A special feature of her films was the decisive withdrawal of author comments in favor of the self-disclosure of her characters. She asked them and let them talk – and they spoke openly and without intimidation. She let herself get involved with her partners almost unconditionally. In doing so, she achieved intimacy and closeness, thereby strengthening the authenticity of her films, for which she received many, including international, awards. She was supported for years by her cameraman Niko Pawloff and her editor Wolfgang Schwarze.

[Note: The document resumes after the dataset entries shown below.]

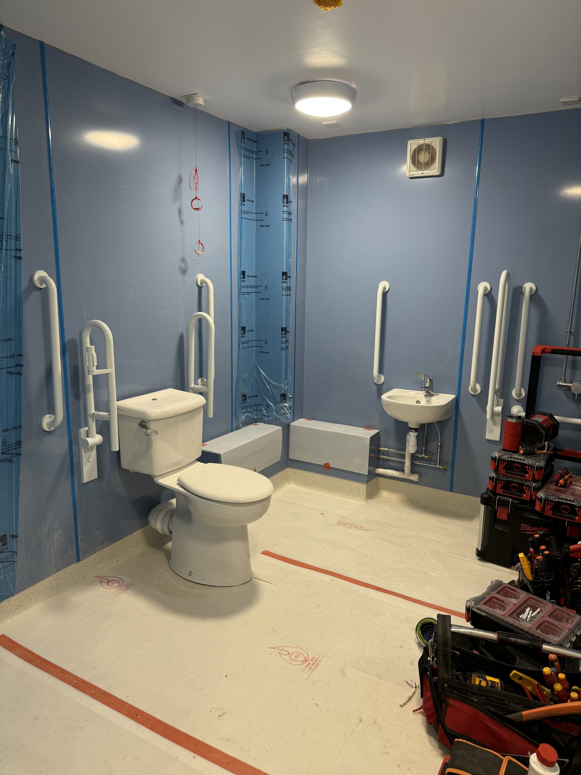 The contract form was JCT Intermediate with a schedule of client amendments. The site was occupied during refurbishment, and due to the nature of the project, work needed to be planned and carried out sensitively, bearing in mind the vulnerable user group.
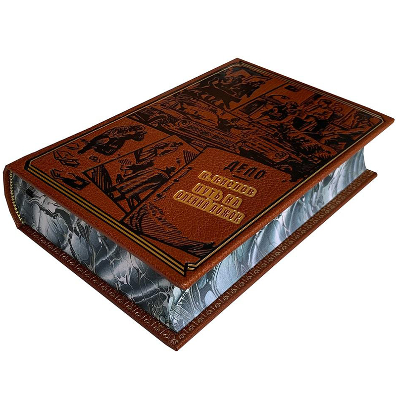 Книжный блок – дизайнерская бумага, чёрно-белые иллюстрации, обрезы расписаны орнаментом «оникс».
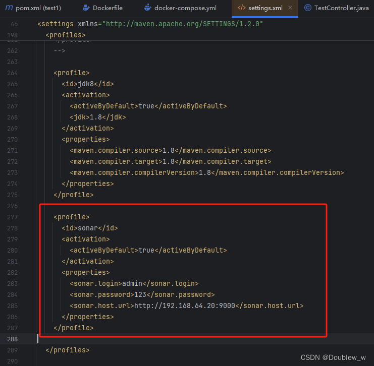 <!--加上下面的内容(指定sonar的默认开启。登录地址,用户名和密码)-->
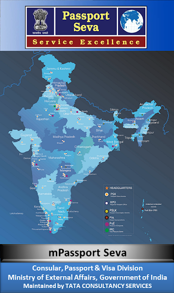 Passport Seva Project, being executed by PSP Division of the Ministry of External Affairs (MEA), Government of India, aims at providing all the Passport-related services to the Indian Citizens in a speedy, convenient and transparent manner. This is one of the largest projects of the Government of India under the National e-Governance Plan (NeGP) being executed in public-private-partnership mode with Tata Consultancy Services (TCS) as the private partner. The project is already operational and servicing citizens through 93 Passport Seva Kendras and 412 Post Office Passport Seva Kendras across India.

With “Heuwetter” (1972) Gitta Nickel developed a village and LPG panorama. In “…and tomorrow the Polish women come” (1974) she reflected the violent arguments between young Polish “skilled trainees” and GDR workers during the bloody work in a chicken slaughterhouse. The film was not free from clichés and sentimentality and yet managed to avoid propagandistic statements. She twice shot double portraits of men. “Two Germans” (1988) are two child soldiers at the end of the war – one praised by Goebbels, the other crying uncontrollably after a battle (as the poster motif “Never again war!”). Nickel tracked down their lives in East and West, and world history was opened up through consistent personalization. In “It began in Eberswalde” (1994), Nickel introduced two German journalists. Both were connected by their place of birth and their shared early youth. Hans Borgelt remained in the bourgeois-conservative milieu and became press chief at the Berlinale, and Gerhard Dengler came to a strict, often orthodox “party view” about Stalingrad and the anti-fascist National Committee for Free Germany and only made milder judgments in old age. Here, Nickel was able to bring the complementary assembly to full effect.
After the fall of the Wall, short films were also made for television, including for the MDR series “People like you and me” and “Here in the Country”. Their knowledge of the country and its people paid off in the liveliness of these reports.
Gitta Nickel died on December 18th in Werder at the age of 87.